Stack: Daphne → Channels `await_many_dispatch` → `channel_receive` (blocking read on `channels_redis` / Redis DB 0).

## Environment

| Item | Value |
|------|--------|
| Stack | Portainer `meshflow-preprod` (same pattern in prod) |
| Redis image | **`redis:8-alpine`** (not Redis Stack) |
| Redis topology | Single instance; logical DBs per [docs/REDIS.md](docs/REDIS.md) (DB 0 Channels, DB 1 Celery broker+results, DB 2 cache, DB 3 RF engine) |
| API runtime | Python **3.14** in container logs (Channels/Django test matrix risk) |
| Clients during incident | **Several feeder bots** uploading + holding `/ws/nodes/`; **no UI browsers** open for pre-prod |
| Investigation notes | Local copy under `tmp/redis-issue/` (not committed) |

## Symptoms

1. `ERROR daphne.server: Exception inside application: Timeout reading from redis:6379`
2. `WSDISCONNECT` on `/ws/messages/` or `/ws/nodes/`
3. `WSCONNECT` again within ~2–5 s (reconnect storm)
4. Feeders reconnect; traceroute commands / live messaging unreliable
5. Often preceded by `asyncio.exceptions.CancelledError` (wrapped in `asgi_client_disconnect.py`)

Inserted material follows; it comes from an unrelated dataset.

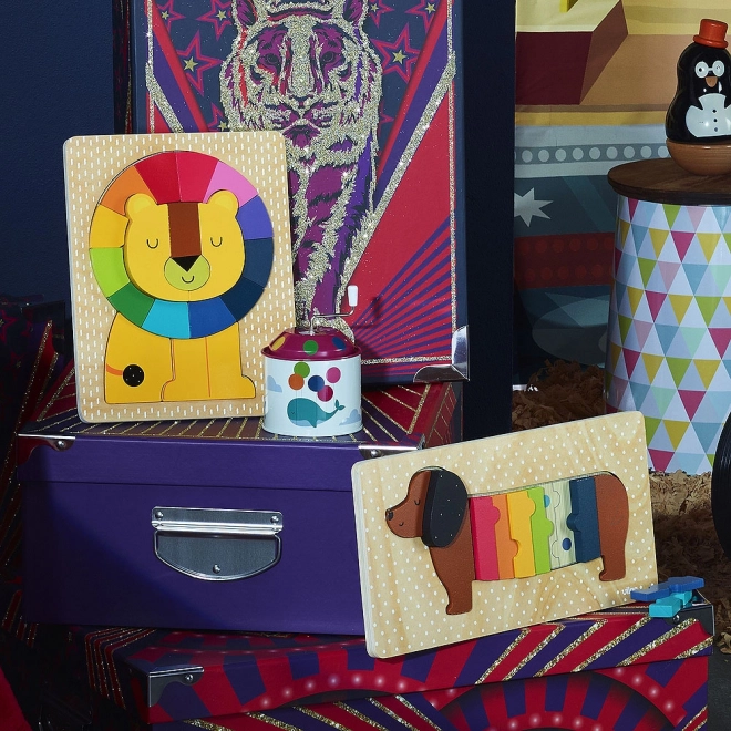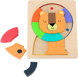 Deze hoogwaardige houten inlegpuzzel met leeuwenthema biedt kinderen leren door spel. Elke plek op de basisplaat is kleurgecodeerd, wat helpt bij oriëntatie en succesvol puzzelen. Dankzij de stevige en gladde stukjes is de puzzel ideaal voor jonge kinderen vanaf 2 jaar.

Example concurrent feeders (from logs):

- Two feeders on one API key (warning: `API key linked to 2 nodes; use feeder_pubkey_prefix for MC`)
- Meshtastic group `node_1127973616` (`!433b82f0`)
- MeshCore group `node_mc_{internal_id}`

## What this is **not**

- Redis TCP down (port 6379 accepts connections)
- Wrong `REDIS_PASSWORD` (would tend to fail fast with `NOAUTH`)
- Channels key explosion on DB 0 (DBSIZE was **4** during investigation)
- Celery broker backlog (`LLEN celery` = **0**)
- MeshCore canonical channels (#379) — no evidence in logs

## Key finding: DB 1 cleanup did **not** fix it

During investigation, Redis DB 1 held ~**10k** `celery-task-meta-*` keys (Celery result backend, ~24h TTL). That was a plausible cause of **single-threaded** Redis delaying DB 0 Channels replies.

**After clearing DB 1** (`DBSIZE` → **4**), **WebSocket timeouts continued**. So either:

- DB 1 result volume was a contributing factor but **not sufficient** to explain the outage, or
- The primary cause is elsewhere (see theories below).

Celery result hygiene (`CELERY_RESULT_EXPIRES`, `ignore_result` on beat tasks) remains worthwhile but is **not proven** as the fix for this incident.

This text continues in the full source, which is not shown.